Selain faktor genetik tersebut, terdapat beberapa faktor resiko
biologis lainnya bagi ADHD yang mencakup sejumlah komplikasi perinatal
dan pranatal, yang sering dikatakan memiliki kontribusi dalam munculnya
ADHD, diantaranya adalah kelahiran prematur, konsumsi alkohol dan
tembakau (rokok) saat ibu hamil, terpapar timah dalam kadar tinggi, dan
kerusakan otak sebelum lahir dapat memunculkan ADHD (Santrock,
2007). Menurut Davidson, Neale, dan Kring (2006), nikotin, terutama
merokok ketika hamil merupakan racun lingkungan yang dapat berperan
dalam terjadinya ADHD. Menurut penelitian yang dilakukan Mailberger
23

dkk, (1996 dalam Davidson, Neale, dan Kring, 2006), melaporkan bahwa
22 persen ibu dari anak-anak yang mengalami ADHD menuturkan bahwa
mereka merokok satu bungkus rokok setiap hari semasa hamil,
dibandingkan dengan angka 8 persen pada ibu yang anaknya tidak
mengalami ADHD.
Hiperaktivitas terjadi bila suatu predisposisi terhadap gangguan
tersebut dipasangkan dengan pola asuh orang tua yang otoritarian. Jika
anak yang memiliki disposisi aktivitas yang berlebihan dan mudah
berubah mood-nya mengalami stres karena orang tua yang mudah
menjadi tidak sabar dan marah, anak akan menjadi tidak mampu
mengahadapi tuntutan orang tuanya untuk selalu patuh. Dengan
terbentuknya pola perilaku mengganggu dan tidak patuh, perilakunya
akan sering kali bertentangan dengan berbagai tuntutan disekolah
dengan berbagai peraturan. Pembelajaran juga dapat berperan dalam
ADHD namun faktor-faktor neurologis dan genetik jauh lebih banyak
mendapatkan dukungan daripada faktor-faktor psikologis dalam etiologi
ADHD (Bruno Bettelheim, 1973 dalam Davidson, Neale, dan Kring 2006).

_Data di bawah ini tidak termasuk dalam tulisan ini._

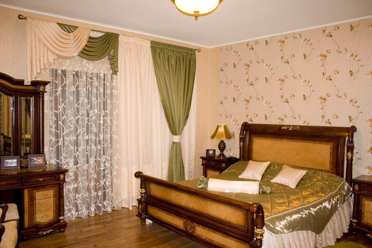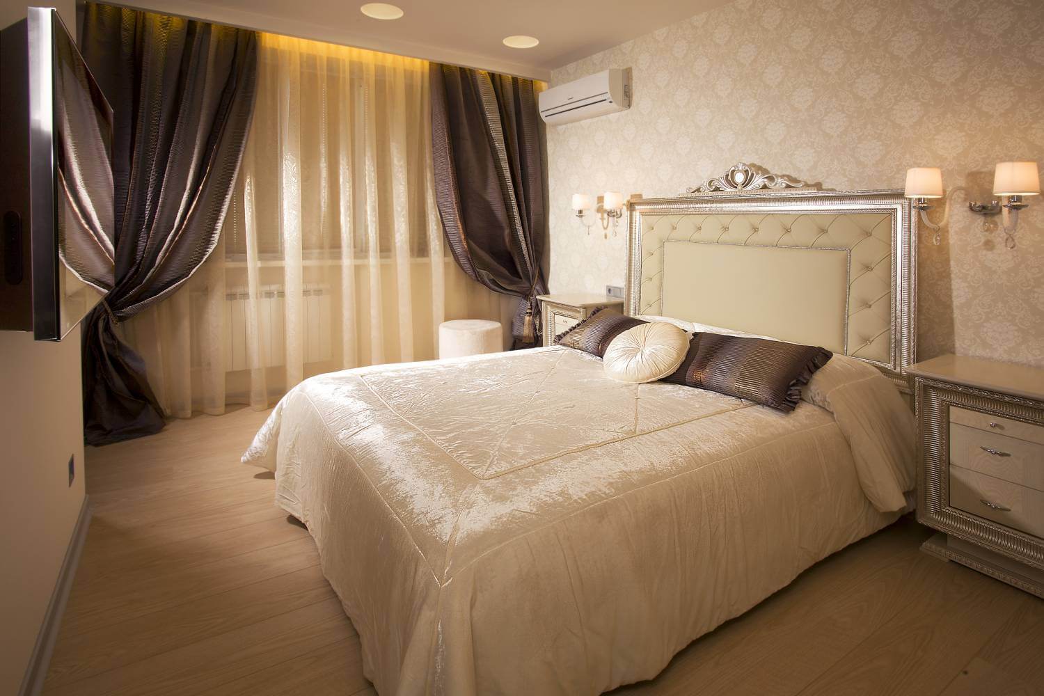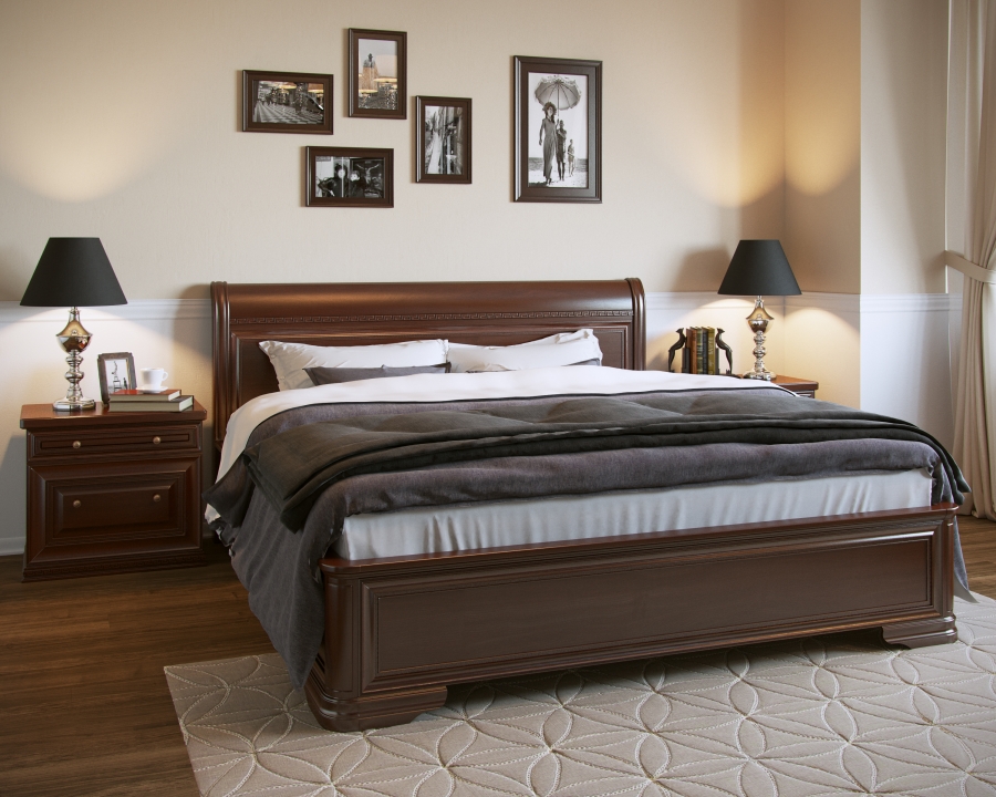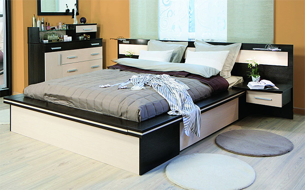 كلاسيكي خيار تعتبر الإنشاءات مناسبة للغرف المتوسطة والكبيرة ، حيث يمكن تثبيت خزانة ملابس (خزانة أو خزانة مدمجة) وطاولات بجانب السرير أو خزانة ذات أدراج وطاولة لتبديل الملابس مع مرآة وإضافة العثمانيين أو كرسي بذراعين إلى الغرفة.

Faktor gangguan emosional yang menimbulkan kesulitan belajar
terjadi karena adanya trauma emosional yang berkepanjangan yang
mengganggu hubungan fungsional sistem urat syaraf. Dalam kondisi ini
perilaku yang terjadi seringkali seperti perilaku pada kasus kerusakan
otak, dan faktor yang telah dipaparkan merupakan penyebab mengapa
anak ADHD mengalami kesulitan dalam belajar (Somantri, 2010).